## Exercise objective
The material below holds a span beginning at the line with "Girls 2pcs Pantsuit, Casual" and ending at the line with "This monastery is". Quote that span exactly, both ends included, and only that span.
Information supplied Block Start
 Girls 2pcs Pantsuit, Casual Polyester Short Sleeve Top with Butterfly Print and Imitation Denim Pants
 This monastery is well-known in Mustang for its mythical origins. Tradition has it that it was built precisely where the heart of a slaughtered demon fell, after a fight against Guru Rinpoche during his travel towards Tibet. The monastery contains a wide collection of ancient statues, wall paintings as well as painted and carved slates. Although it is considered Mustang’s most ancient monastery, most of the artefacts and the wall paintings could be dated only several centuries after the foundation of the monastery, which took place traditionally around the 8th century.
Information supplied Block End
Information supplied Block Start
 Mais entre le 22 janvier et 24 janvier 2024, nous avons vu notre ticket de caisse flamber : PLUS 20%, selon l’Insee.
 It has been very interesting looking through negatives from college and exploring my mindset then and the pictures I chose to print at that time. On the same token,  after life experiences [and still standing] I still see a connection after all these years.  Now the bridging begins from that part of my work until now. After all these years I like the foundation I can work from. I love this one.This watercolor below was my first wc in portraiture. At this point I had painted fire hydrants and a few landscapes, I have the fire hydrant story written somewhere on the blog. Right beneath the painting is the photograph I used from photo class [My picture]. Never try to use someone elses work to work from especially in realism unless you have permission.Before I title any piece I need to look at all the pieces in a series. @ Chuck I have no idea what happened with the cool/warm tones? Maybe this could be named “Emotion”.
Information supplied Block End
## Solution to this problem
 Girls 2pcs Pantsuit, Casual Polyester Short Sleeve Top with Butterfly Print and Imitation Denim Pants
 This monastery is well-known in Mustang for its mythical origins. Tradition has it that it was built precisely where the heart of a slaughtered demon fell, after a fight against Guru Rinpoche during his travel towards Tibet. The monastery contains a wide collection of ancient statues, wall paintings as well as painted and carved slates. Although it is considered Mustang’s most ancient monastery, most of the artefacts and the wall paintings could be dated only several centuries after the foundation of the monastery, which took place traditionally around the 8th century.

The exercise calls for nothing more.